One can't come to the British Isles and not experience some form of Tea Time. It is practically an institution and should not be missed. Now Brits love their tea: Earl Grey, Lady Grey, and English Breakfast or Irish, Scottish, Hiraeth (Welsh) for that matter. And tea is to be drunk at all hours of the day which I can say with great enthusiasm: it is by most in the Isles. I mean I have only been back in the country for a few days and my tea intake has tripled, it is just what people do. You put on the kettle, make a pot, pour a little milk, a spoonful of sugar if you have a naughty sweet tooth, and drink up, end of.
And what about posh Afternoon Tea? This includes: tea, champagne, finger sandwiches, cakes, and scones.
For Afternoon Tea in London: There are many options ranging in price, decadence, and location. Realistically you are looking at spending between £25-65 for the experience. 
The Terrace at Harrods, TEA at Liberty and the Diamond Jubilee Tea Salon at my favorite department store Fortnum & Mason, are great places to enjoy a spot of tea and everything else while shopping.  
For pure elegance (and if money is no option) why not try the Ritz or Claridge's?
For a fun and reasonable option that combines your tea with sight seeing down the Thames,  book a boat ride with City Cruises River Thames Tea.
Finally, if you envision gardens and greenery and a warm summer's day head to The Orangery in Kensington Gardens. You will feel like you are in a period drama, I promise.
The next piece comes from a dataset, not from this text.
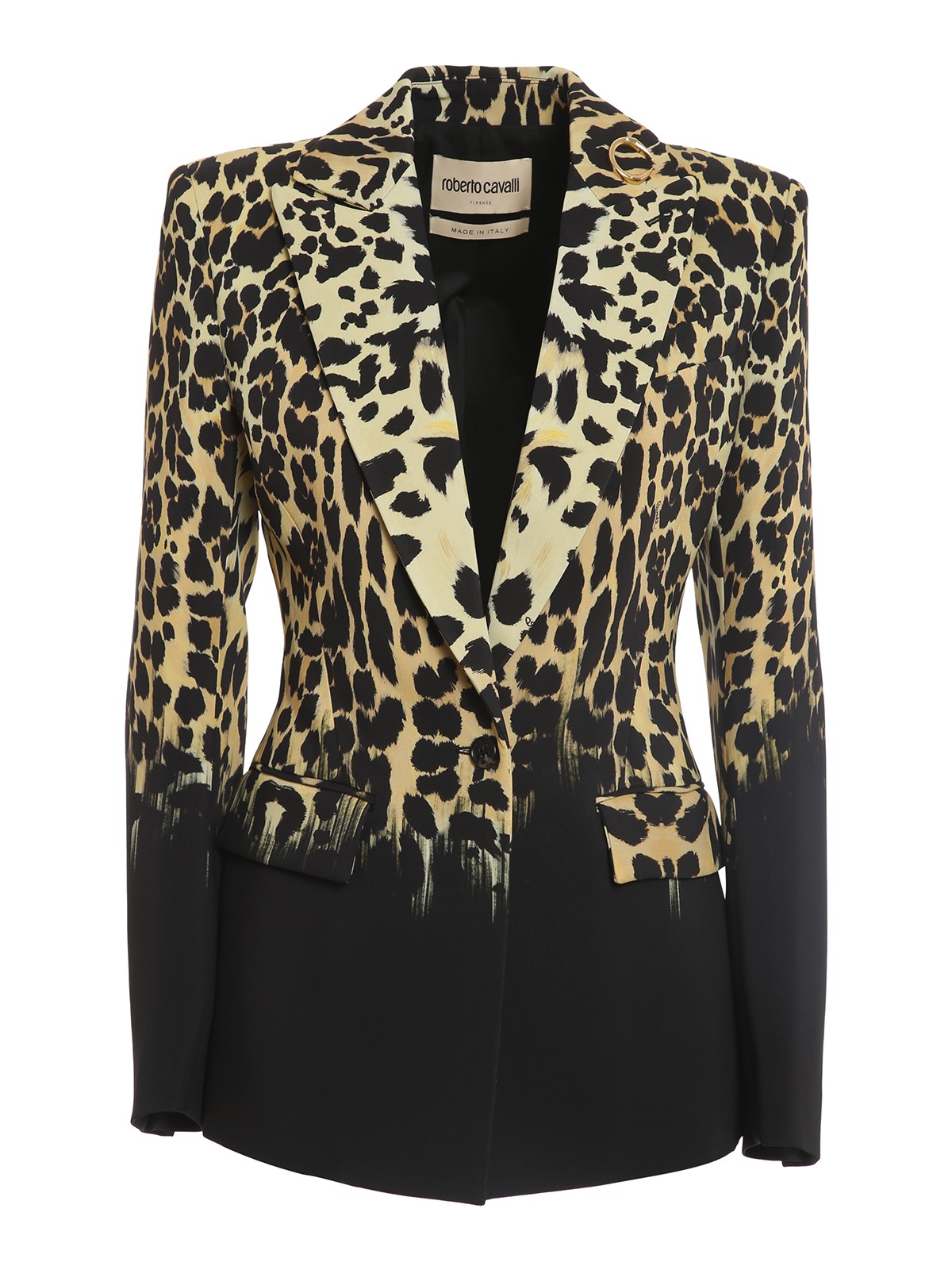 Blazer simple boutonnage à imprimé animal avec détail C en métal doré au niveau des revers, des épaulettes et de la fente arrière.

Now if you think the Afternoon Tea experience might be a bit too much for you, please have a Cream Tea. This is a much shorter and smaller endeavour that originates from the West Country. I especially recommend this while visiting a tea shop in a quaint little village. It includes your pot of tea, a scone either plain or fruit with jam and clotted cream. Now what is clotted cream you say? It's the consistency of butter and is made by warming cow's milk in a process that forms "clots". Basically to quote Wild America (I love that movie) "Devonshire cream, the creamiest cream". To be honest, scones with cream and jam are the best part of Afternoon Tea anyway (well not including the Champagne of course). Now as this delight originates in the West Country of course there has to be a debate in how this yummy dish should be served. Cornwall says jam first then cream and Devon says cream first then jam. I say have it how you want, FYI I do it the Cornwall way.
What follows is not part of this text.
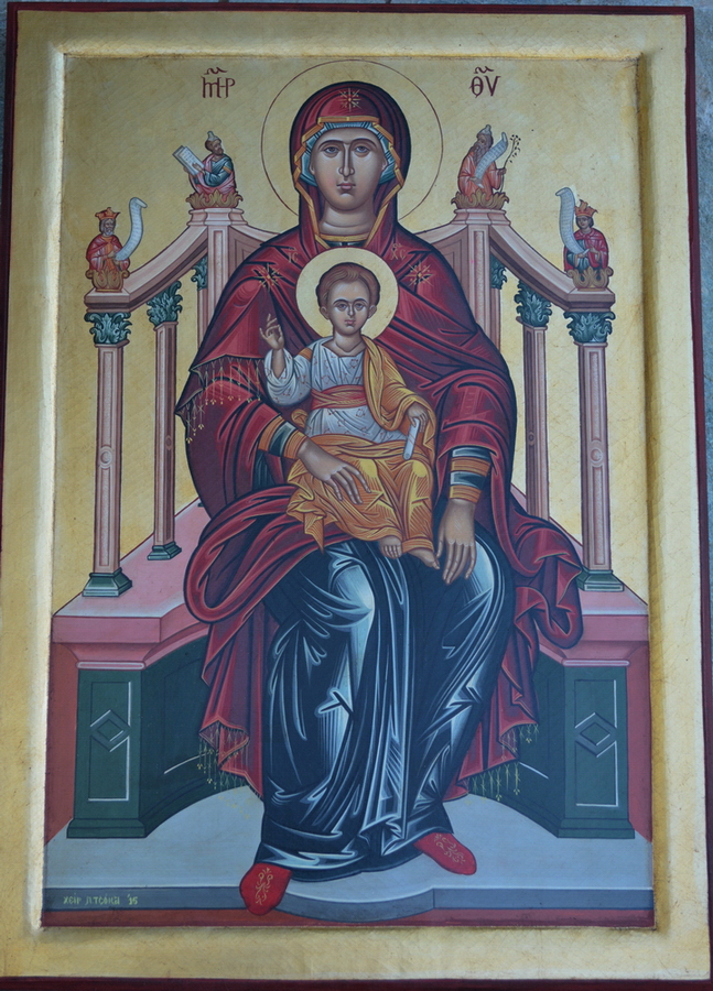 Αυγοτέμπερα, 22κ χρυσό, καμβάς σεεξαιρετικής ποιότητας ξύλο φλαμουριάς.Αντίγραφο εικόνας του 17 ου αιώνα του Εμμανουήλ Τζάννες Μπουλιάνη.

Can't get to the UK? Why not have a Cream Tea (or even full Afternoon Tea) party? Buy the scones or if you are very adventurous in the kitchen, make them! You probably have the tea, milk and strawberry jam at home anyway, then head to a specialty shop or British store to pick up some clotted cream.
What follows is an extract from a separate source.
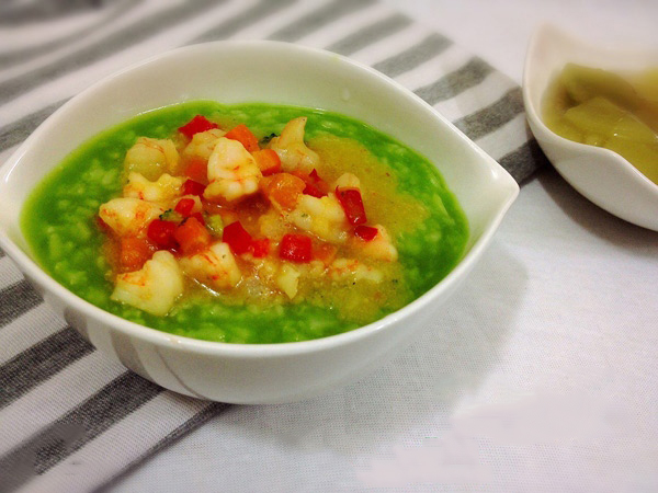 - Cải xoăn rửa sạch, xay rồi lọc lấy nước, bỏ bã. Khi cháo gần được thì đổ nước cải xoăn vào, khuấy đều

Let the Tea Time commence!
Tayah's Take: Confused about the term High Tea? Traditionally High Tea referred to an actual meal for the working class unlike Afternoon Tea which was a social event enjoyed by the upper class. However many other nations accidentally classify Afternoon Tea as High Tea. Because of this mistake, many of the Tea Rooms and Hotels actually refer to Afternoon Tea as High Tea so that tourists can understand what they are buying!